● **PROBLEM REQUIREMENTS**: Please retype, unchanged, each line from the top of the material below through the line where "Custom blue and" appears.

● **PROVIDED DATA**:
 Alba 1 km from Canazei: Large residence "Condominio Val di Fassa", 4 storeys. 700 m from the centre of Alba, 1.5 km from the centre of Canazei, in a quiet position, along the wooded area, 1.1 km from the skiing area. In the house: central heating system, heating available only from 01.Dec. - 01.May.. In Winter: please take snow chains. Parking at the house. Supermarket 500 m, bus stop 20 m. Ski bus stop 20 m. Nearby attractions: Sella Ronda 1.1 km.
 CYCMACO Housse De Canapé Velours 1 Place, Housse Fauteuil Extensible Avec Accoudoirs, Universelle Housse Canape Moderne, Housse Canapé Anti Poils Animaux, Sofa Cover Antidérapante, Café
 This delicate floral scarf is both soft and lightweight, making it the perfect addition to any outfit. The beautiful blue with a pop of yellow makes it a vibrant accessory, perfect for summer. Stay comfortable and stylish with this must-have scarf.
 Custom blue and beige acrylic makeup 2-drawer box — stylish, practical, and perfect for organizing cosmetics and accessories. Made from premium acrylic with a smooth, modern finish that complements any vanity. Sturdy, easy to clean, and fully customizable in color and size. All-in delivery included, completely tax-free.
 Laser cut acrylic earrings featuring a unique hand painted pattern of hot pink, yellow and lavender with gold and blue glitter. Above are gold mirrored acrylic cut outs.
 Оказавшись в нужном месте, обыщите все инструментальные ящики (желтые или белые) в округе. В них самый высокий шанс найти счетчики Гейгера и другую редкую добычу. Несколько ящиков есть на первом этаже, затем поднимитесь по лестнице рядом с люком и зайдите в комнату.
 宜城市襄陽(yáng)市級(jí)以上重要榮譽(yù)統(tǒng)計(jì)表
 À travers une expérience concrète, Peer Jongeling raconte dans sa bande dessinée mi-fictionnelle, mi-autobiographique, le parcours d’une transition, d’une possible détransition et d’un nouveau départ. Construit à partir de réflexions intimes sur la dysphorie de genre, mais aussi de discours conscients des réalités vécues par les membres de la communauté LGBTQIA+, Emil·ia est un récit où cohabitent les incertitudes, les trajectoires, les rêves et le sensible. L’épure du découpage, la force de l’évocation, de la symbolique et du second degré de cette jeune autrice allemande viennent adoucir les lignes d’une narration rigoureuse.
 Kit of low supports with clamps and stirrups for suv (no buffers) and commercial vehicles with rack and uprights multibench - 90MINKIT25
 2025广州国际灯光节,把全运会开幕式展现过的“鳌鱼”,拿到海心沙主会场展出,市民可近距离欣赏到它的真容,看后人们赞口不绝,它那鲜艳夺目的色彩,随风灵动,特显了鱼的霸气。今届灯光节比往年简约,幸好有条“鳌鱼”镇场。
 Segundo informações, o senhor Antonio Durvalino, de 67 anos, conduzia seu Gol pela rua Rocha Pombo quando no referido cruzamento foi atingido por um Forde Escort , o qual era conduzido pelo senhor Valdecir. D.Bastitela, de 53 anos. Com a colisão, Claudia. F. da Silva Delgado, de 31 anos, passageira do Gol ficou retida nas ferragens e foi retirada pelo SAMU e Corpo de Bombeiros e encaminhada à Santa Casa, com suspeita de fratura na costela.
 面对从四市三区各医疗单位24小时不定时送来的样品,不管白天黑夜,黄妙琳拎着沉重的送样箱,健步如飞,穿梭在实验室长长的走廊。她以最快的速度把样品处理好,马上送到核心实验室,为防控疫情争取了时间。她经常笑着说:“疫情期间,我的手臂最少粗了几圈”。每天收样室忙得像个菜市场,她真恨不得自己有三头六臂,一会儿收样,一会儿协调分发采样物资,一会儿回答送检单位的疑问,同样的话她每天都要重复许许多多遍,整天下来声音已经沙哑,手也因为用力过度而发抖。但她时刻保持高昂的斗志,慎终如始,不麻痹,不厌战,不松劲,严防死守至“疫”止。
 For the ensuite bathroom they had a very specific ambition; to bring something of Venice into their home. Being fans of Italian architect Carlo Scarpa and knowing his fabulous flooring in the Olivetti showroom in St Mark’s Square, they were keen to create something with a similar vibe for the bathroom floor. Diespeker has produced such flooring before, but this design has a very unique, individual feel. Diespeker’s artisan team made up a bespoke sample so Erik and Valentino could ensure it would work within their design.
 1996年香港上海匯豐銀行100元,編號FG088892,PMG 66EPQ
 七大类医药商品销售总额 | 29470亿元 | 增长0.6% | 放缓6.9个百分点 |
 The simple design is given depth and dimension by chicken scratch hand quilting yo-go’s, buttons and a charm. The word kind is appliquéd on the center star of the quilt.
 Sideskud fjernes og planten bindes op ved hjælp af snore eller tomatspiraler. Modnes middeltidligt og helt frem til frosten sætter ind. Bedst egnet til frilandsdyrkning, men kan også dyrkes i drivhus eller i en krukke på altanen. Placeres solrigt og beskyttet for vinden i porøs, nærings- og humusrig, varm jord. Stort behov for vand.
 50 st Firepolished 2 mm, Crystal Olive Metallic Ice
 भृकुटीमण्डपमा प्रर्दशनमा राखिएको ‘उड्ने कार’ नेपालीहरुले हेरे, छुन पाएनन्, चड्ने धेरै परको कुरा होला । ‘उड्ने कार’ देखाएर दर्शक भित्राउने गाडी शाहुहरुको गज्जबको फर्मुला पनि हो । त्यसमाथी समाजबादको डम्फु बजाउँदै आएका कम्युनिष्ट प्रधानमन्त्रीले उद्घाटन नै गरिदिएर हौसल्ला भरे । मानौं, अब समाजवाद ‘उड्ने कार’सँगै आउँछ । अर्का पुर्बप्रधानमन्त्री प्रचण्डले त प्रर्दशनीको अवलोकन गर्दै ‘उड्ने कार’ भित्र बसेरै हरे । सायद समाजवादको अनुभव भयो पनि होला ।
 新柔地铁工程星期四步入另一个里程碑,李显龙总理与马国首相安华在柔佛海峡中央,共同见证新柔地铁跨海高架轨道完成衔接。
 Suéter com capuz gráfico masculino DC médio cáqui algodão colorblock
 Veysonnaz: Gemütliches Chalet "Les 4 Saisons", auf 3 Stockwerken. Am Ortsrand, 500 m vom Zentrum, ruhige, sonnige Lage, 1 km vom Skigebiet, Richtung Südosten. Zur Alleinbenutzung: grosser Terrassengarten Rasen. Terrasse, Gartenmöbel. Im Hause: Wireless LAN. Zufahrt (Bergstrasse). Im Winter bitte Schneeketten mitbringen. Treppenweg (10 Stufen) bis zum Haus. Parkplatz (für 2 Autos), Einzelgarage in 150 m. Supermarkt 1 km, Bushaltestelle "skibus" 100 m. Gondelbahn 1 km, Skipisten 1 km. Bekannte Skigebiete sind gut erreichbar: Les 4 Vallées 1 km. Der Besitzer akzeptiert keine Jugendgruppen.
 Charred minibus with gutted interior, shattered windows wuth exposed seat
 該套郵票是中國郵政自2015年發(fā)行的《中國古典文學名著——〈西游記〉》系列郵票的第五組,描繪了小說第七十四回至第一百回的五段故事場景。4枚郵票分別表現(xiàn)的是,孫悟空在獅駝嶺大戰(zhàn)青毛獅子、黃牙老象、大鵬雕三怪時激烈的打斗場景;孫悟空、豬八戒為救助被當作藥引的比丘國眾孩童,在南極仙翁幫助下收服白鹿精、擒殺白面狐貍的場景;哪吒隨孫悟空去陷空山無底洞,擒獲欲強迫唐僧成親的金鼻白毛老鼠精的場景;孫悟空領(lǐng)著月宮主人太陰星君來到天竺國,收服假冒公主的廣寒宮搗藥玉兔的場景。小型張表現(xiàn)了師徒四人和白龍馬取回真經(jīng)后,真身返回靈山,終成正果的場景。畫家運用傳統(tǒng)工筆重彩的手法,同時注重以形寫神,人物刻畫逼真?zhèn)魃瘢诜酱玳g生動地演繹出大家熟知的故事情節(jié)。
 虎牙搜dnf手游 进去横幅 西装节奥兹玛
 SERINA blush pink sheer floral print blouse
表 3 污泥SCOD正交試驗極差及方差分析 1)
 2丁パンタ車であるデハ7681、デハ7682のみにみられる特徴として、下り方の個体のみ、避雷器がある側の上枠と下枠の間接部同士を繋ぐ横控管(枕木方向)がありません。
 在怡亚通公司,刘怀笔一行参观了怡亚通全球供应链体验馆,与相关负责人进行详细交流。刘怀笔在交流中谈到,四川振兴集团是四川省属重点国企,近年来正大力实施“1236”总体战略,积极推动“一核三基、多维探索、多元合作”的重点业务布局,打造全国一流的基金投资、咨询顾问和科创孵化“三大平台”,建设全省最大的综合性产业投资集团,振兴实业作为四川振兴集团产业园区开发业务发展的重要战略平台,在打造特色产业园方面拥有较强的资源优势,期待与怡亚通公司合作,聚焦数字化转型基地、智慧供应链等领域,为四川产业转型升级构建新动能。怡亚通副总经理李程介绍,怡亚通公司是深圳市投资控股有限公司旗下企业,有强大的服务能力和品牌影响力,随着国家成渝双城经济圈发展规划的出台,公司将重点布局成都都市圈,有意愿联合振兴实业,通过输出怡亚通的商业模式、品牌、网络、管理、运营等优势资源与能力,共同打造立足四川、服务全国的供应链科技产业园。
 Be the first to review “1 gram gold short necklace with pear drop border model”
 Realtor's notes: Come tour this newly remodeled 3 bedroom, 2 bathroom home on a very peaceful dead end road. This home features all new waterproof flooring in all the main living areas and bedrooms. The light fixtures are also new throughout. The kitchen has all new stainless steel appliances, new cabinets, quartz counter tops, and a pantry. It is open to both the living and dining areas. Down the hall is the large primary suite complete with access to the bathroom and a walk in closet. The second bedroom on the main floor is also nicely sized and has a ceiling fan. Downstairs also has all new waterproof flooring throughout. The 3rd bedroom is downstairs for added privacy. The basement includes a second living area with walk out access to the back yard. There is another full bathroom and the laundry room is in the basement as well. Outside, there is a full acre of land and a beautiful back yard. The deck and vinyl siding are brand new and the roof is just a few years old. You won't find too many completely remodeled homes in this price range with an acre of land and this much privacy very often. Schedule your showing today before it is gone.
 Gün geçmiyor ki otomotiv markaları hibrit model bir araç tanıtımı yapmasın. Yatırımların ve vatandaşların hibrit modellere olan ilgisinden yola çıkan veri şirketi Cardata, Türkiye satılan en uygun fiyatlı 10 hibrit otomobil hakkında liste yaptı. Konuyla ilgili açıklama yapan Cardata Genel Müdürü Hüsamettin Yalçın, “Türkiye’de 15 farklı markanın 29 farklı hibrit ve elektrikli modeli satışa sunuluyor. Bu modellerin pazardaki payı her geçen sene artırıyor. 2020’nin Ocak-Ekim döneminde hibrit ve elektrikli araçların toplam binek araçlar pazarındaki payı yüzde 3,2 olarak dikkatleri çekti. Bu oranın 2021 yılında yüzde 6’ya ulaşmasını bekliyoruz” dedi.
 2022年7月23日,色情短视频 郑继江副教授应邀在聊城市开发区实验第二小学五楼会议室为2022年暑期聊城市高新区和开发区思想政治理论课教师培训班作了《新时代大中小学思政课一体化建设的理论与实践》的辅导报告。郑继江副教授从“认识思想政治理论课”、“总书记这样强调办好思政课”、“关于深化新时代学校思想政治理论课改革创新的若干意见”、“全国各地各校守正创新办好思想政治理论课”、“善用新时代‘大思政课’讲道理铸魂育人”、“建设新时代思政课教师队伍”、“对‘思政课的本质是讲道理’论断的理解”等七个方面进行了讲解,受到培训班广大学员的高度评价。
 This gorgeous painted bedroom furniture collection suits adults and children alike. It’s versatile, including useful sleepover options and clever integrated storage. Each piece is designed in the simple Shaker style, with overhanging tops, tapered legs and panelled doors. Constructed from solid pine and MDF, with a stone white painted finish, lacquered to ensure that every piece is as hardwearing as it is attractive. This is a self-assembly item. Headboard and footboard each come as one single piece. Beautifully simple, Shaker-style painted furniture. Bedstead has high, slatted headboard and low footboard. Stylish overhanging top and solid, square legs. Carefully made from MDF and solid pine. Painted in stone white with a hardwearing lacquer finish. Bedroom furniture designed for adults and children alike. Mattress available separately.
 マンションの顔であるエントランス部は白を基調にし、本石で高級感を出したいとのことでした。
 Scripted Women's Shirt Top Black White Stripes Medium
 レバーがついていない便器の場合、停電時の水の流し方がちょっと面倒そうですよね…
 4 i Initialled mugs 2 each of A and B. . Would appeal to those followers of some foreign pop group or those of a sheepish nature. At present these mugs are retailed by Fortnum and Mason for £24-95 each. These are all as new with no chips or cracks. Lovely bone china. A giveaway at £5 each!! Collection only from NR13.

● **WRITTEN SOLUTION**:
 Alba 1 km from Canazei: Large residence "Condominio Val di Fassa", 4 storeys. 700 m from the centre of Alba, 1.5 km from the centre of Canazei, in a quiet position, along the wooded area, 1.1 km from the skiing area. In the house: central heating system, heating available only from 01.Dec. - 01.May.. In Winter: please take snow chains. Parking at the house. Supermarket 500 m, bus stop 20 m. Ski bus stop 20 m. Nearby attractions: Sella Ronda 1.1 km.
 CYCMACO Housse De Canapé Velours 1 Place, Housse Fauteuil Extensible Avec Accoudoirs, Universelle Housse Canape Moderne, Housse Canapé Anti Poils Animaux, Sofa Cover Antidérapante, Café
 This delicate floral scarf is both soft and lightweight, making it the perfect addition to any outfit. The beautiful blue with a pop of yellow makes it a vibrant accessory, perfect for summer. Stay comfortable and stylish with this must-have scarf.
 Custom blue and beige acrylic makeup 2-drawer box — stylish, practical, and perfect for organizing cosmetics and accessories. Made from premium acrylic with a smooth, modern finish that complements any vanity. Sturdy, easy to clean, and fully customizable in color and size. All-in delivery included, completely tax-free.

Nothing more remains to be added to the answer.